Exercise goal -
Set down each line of the data exactly, but not the pictures.

Recorded information -
******************************

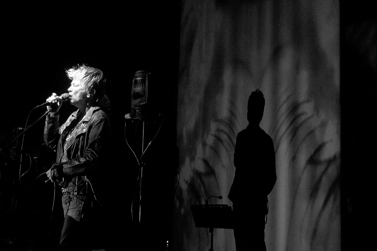 Bevor die Saalbeleuchtung ausging, überwog indes die Vorfreude auf ein mitreißendes Konzert. Trat Anne Clark vor einigen Monaten noch mit kompletter Band auf, präsentierte sich die Bühne diesmal deutlich spartanischer. Einzig zwei Podeste – auf einem stand die elektronische Ausstattung von herrB – und drei Mikrophone füllten die geräumige Bühne. Zurück zu den elektronischen Wurzeln? In gewisser Weise. Wobei Anne Clark in ihrer langen Karriere nach Ausflügen in den Bereich der „handgemachten“ Musik immer wieder zur elektronischen Klangerzeugnis zurückfand. Diesmal wurden die Stücke in ein relativ „modernes“ Gewand gehüllt. Die Skepsis, ob dies beim Publikum ankommen möge, zerstreute sich schnell, nachdem ein instrumentales Intro einsetzte, die Licht- und Videoshow von Lichtdesigner Rick Kay startete und die beiden Musiker als Schattenrisse auftauchten.
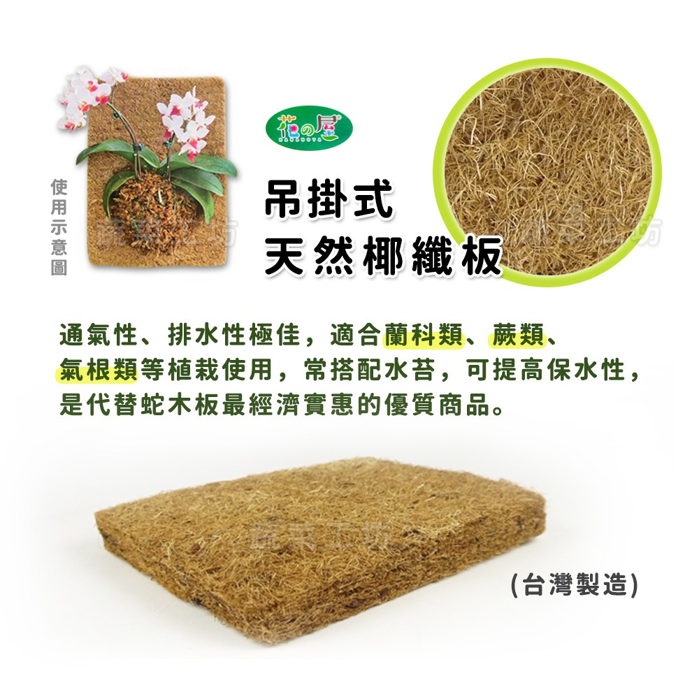 花之屋吊掛式天然椰纖板是蘭科、蕨類及氣根植物的理想選擇。其天然椰纖材質提供優異的通氣性和排水性,有效防止根部腐爛,讓植物健康成長。搭配水苔使用,更能提高保濕效果,為植物提供更佳的生長環境。此款椰纖板不僅經濟實惠,更是取代蛇木板的優質選擇,輕鬆打造綠意盎然的居家空間。台灣製造。
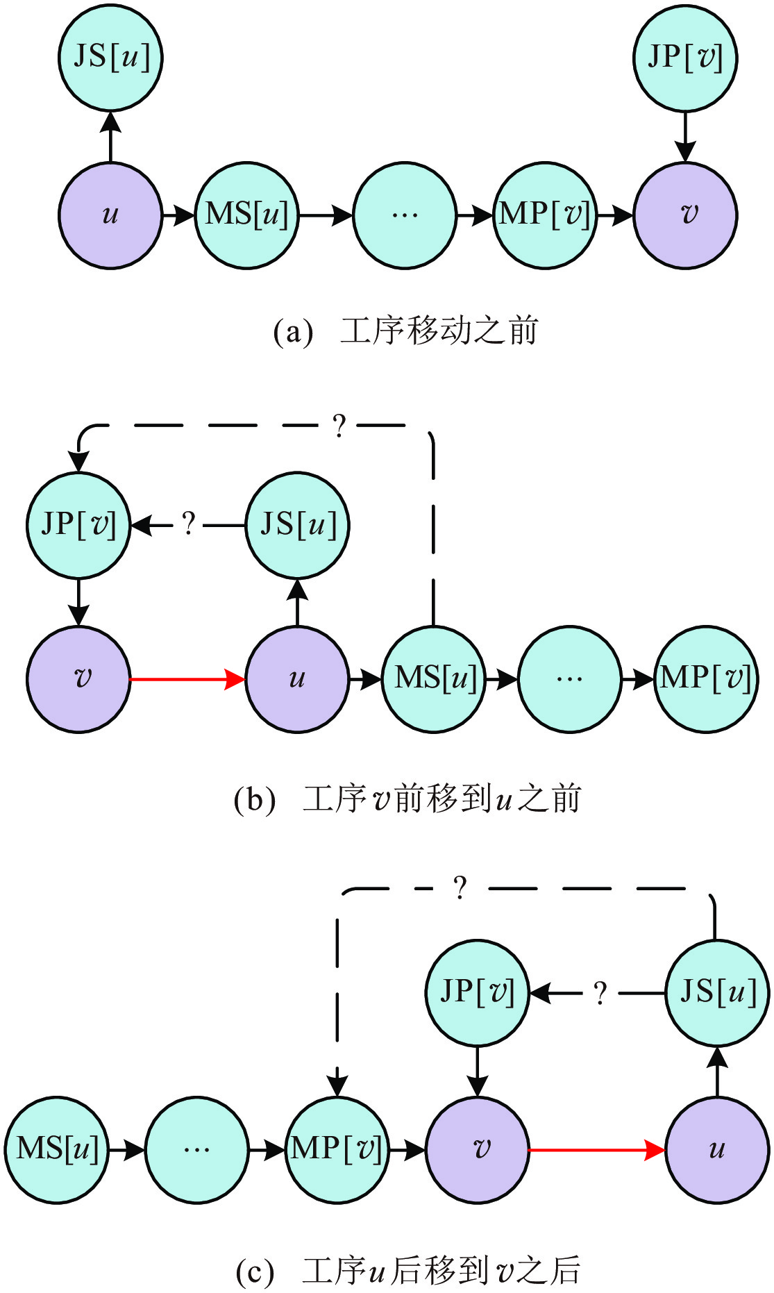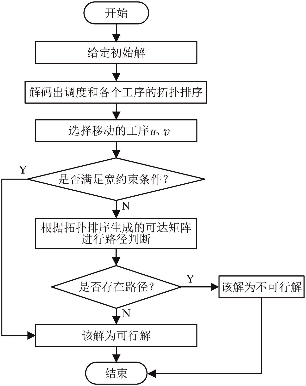 上述邻域结构都是求解JSP较为有效的方法, 但对于部分邻域移动, 它们生成的邻域解不一定都是可行解, 不可行解会增大算法的搜索范围, 导致计算时间的大幅度增加, 邻域解的可行性判定影响着算法整体求解质量和效率. 针对这一现象, 学者们各自提出了可行解的快速判断方法. Dell’Amico等[2]从工序最大完工时间角度提出了可行解判断条件, 从而保证N4邻域移动的可行性; Balas等[4]从工序头尾长的角度提出了一种判断可行解的约束条件, 后续一些学者在此基础上进行了一些拓展, 如文献[5, 7-8]等; Sun等[12]提出了一种基于图论的启发式判别算法. 但这些约束条件大多为充分不必要条件, 无法将所有的可行解包括在内, 容易遗漏一部分有潜在提升可能的解[11]. 除了基本的局部搜索算法外, 将其他智能优化算法应用于JSP已成为当前研究领域的一个热点, 如近年来新兴的近端策略优化算法[13]、多目标进化算法[14]等其他优秀算法, 它们为解决JSP及其衍生问题提供了重要方向.

******************************

Result -
 Bevor die Saalbeleuchtung ausging, überwog indes die Vorfreude auf ein mitreißendes Konzert. Trat Anne Clark vor einigen Monaten noch mit kompletter Band auf, präsentierte sich die Bühne diesmal deutlich spartanischer. Einzig zwei Podeste – auf einem stand die elektronische Ausstattung von herrB – und drei Mikrophone füllten die geräumige Bühne. Zurück zu den elektronischen Wurzeln? In gewisser Weise. Wobei Anne Clark in ihrer langen Karriere nach Ausflügen in den Bereich der „handgemachten“ Musik immer wieder zur elektronischen Klangerzeugnis zurückfand. Diesmal wurden die Stücke in ein relativ „modernes“ Gewand gehüllt. Die Skepsis, ob dies beim Publikum ankommen möge, zerstreute sich schnell, nachdem ein instrumentales Intro einsetzte, die Licht- und Videoshow von Lichtdesigner Rick Kay startete und die beiden Musiker als Schattenrisse auftauchten.
 花之屋吊掛式天然椰纖板是蘭科、蕨類及氣根植物的理想選擇。其天然椰纖材質提供優異的通氣性和排水性,有效防止根部腐爛,讓植物健康成長。搭配水苔使用,更能提高保濕效果,為植物提供更佳的生長環境。此款椰纖板不僅經濟實惠,更是取代蛇木板的優質選擇,輕鬆打造綠意盎然的居家空間。台灣製造。
 上述邻域结构都是求解JSP较为有效的方法, 但对于部分邻域移动, 它们生成的邻域解不一定都是可行解, 不可行解会增大算法的搜索范围, 导致计算时间的大幅度增加, 邻域解的可行性判定影响着算法整体求解质量和效率. 针对这一现象, 学者们各自提出了可行解的快速判断方法. Dell’Amico等[2]从工序最大完工时间角度提出了可行解判断条件, 从而保证N4邻域移动的可行性; Balas等[4]从工序头尾长的角度提出了一种判断可行解的约束条件, 后续一些学者在此基础上进行了一些拓展, 如文献[5, 7-8]等; Sun等[12]提出了一种基于图论的启发式判别算法. 但这些约束条件大多为充分不必要条件, 无法将所有的可行解包括在内, 容易遗漏一部分有潜在提升可能的解[11]. 除了基本的局部搜索算法外, 将其他智能优化算法应用于JSP已成为当前研究领域的一个热点, 如近年来新兴的近端策略优化算法[13]、多目标进化算法[14]等其他优秀算法, 它们为解决JSP及其衍生问题提供了重要方向.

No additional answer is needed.